═════ Provided information

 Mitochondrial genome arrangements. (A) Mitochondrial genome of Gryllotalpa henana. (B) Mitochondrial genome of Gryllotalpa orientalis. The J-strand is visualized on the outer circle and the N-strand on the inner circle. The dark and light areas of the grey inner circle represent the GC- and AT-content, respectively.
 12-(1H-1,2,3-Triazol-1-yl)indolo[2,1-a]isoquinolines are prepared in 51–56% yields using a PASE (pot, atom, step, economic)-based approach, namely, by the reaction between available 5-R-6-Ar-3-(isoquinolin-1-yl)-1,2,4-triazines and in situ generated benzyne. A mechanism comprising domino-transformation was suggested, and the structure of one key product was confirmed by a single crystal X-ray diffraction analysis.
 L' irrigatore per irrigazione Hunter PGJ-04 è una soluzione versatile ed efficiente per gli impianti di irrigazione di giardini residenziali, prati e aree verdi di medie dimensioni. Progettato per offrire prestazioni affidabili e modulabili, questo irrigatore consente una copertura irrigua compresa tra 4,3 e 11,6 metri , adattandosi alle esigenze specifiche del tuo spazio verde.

══════════
═════ Provided information

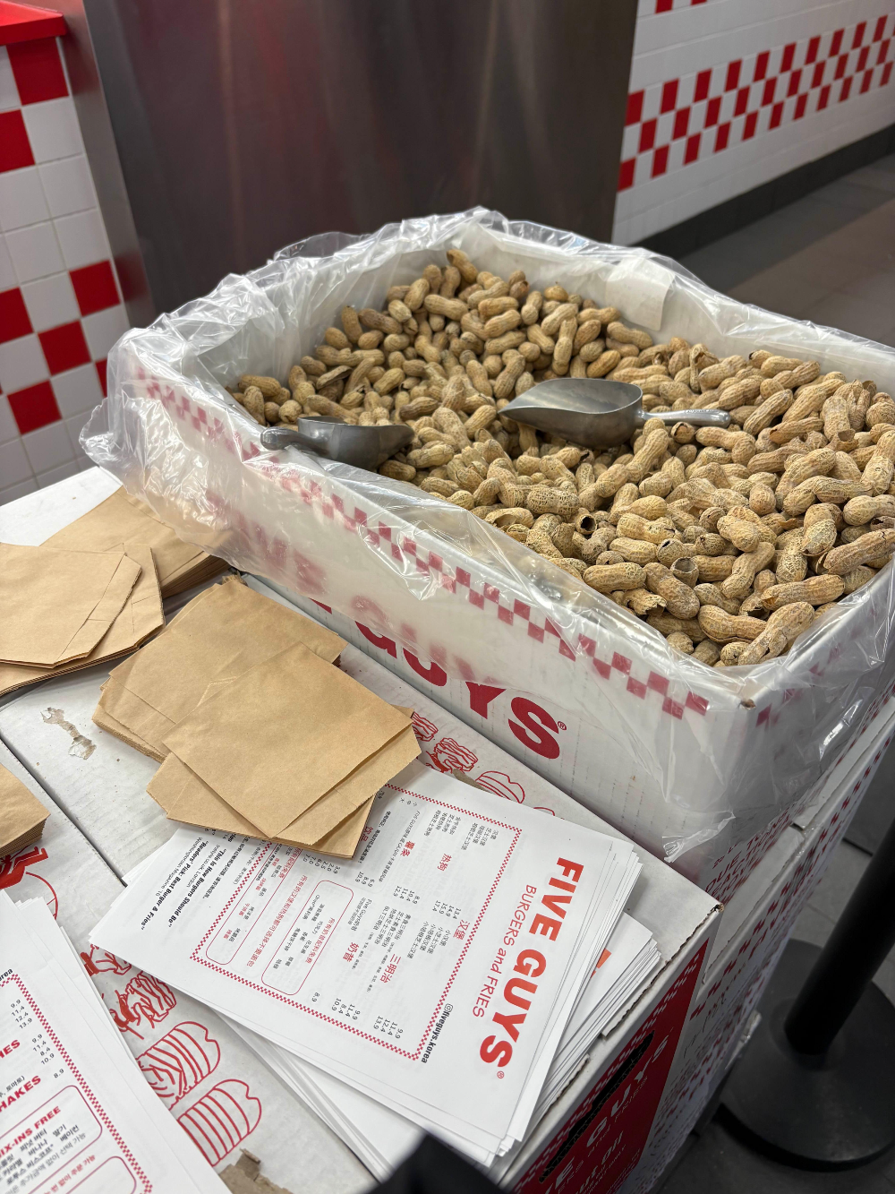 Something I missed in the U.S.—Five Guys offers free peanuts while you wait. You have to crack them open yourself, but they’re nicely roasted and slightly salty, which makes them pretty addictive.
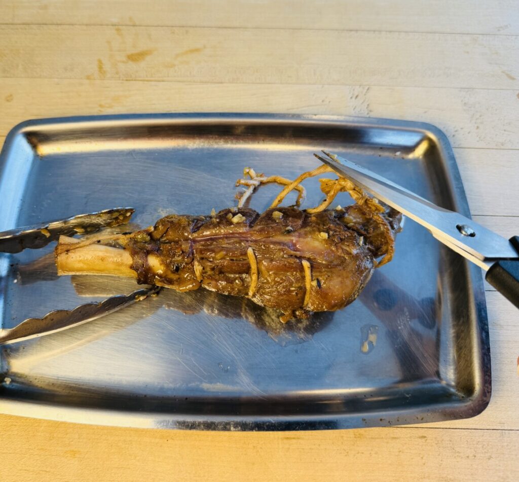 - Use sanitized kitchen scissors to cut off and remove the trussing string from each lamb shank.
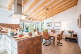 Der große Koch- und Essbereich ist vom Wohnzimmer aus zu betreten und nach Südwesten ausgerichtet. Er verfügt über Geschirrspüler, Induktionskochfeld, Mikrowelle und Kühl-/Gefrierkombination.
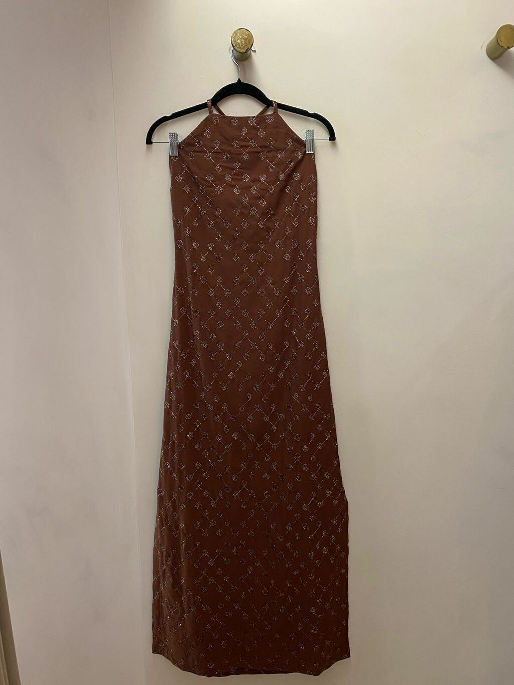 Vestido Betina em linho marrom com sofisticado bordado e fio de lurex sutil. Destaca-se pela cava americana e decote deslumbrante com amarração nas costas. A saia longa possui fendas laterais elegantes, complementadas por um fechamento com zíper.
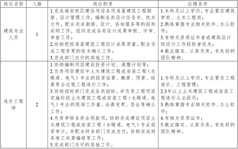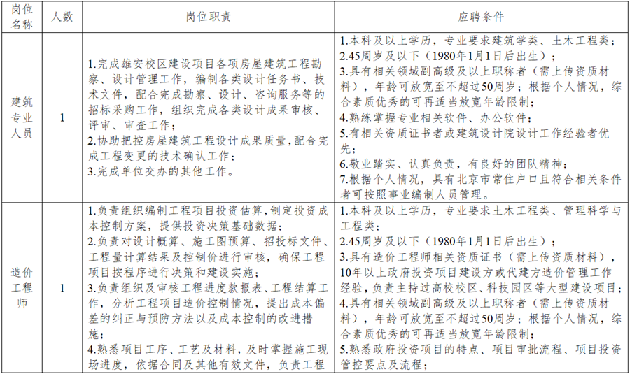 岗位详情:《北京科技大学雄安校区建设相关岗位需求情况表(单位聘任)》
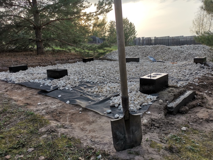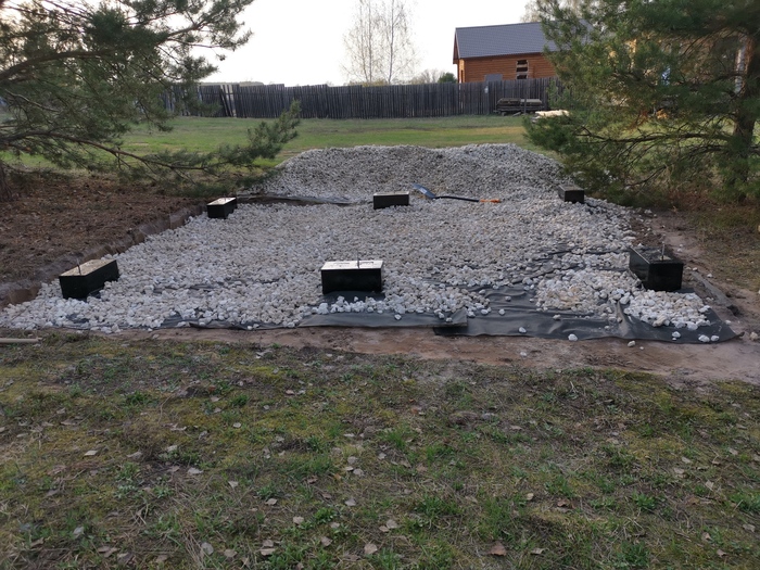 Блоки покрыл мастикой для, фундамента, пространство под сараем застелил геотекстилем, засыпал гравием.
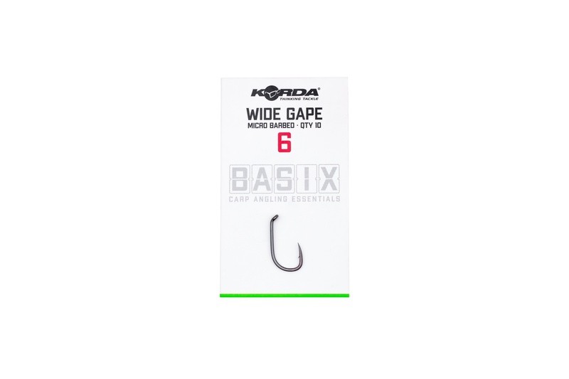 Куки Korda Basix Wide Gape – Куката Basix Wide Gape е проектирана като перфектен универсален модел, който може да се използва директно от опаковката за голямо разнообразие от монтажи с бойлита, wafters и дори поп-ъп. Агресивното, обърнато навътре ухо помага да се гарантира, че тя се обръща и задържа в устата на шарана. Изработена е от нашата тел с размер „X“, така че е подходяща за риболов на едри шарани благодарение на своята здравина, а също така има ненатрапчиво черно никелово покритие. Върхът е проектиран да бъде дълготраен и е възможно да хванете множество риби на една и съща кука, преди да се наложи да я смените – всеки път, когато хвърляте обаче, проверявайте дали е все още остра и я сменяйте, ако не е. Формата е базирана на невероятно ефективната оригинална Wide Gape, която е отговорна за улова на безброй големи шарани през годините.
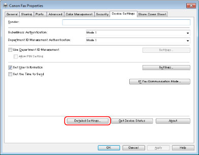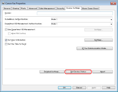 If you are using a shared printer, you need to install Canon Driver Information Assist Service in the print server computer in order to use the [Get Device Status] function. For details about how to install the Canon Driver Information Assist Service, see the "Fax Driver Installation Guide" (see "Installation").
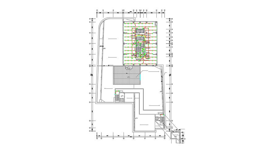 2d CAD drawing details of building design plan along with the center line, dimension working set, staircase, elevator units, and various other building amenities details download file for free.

══════════

▶ [What is needed]:
When you reach the line in the material above that holds "Mitochondrial genome arrangements.", begin reproducing lines exactly, and stop after the line that holds "L' irrigatore per".

▶ [Your solution]:
 Mitochondrial genome arrangements. (A) Mitochondrial genome of Gryllotalpa henana. (B) Mitochondrial genome of Gryllotalpa orientalis. The J-strand is visualized on the outer circle and the N-strand on the inner circle. The dark and light areas of the grey inner circle represent the GC- and AT-content, respectively.
 12-(1H-1,2,3-Triazol-1-yl)indolo[2,1-a]isoquinolines are prepared in 51–56% yields using a PASE (pot, atom, step, economic)-based approach, namely, by the reaction between available 5-R-6-Ar-3-(isoquinolin-1-yl)-1,2,4-triazines and in situ generated benzyne. A mechanism comprising domino-transformation was suggested, and the structure of one key product was confirmed by a single crystal X-ray diffraction analysis.
 L' irrigatore per irrigazione Hunter PGJ-04 è una soluzione versatile ed efficiente per gli impianti di irrigazione di giardini residenziali, prati e aree verdi di medie dimensioni. Progettato per offrire prestazioni affidabili e modulabili, questo irrigatore consente una copertura irrigua compresa tra 4,3 e 11,6 metri , adattandosi alle esigenze specifiche del tuo spazio verde.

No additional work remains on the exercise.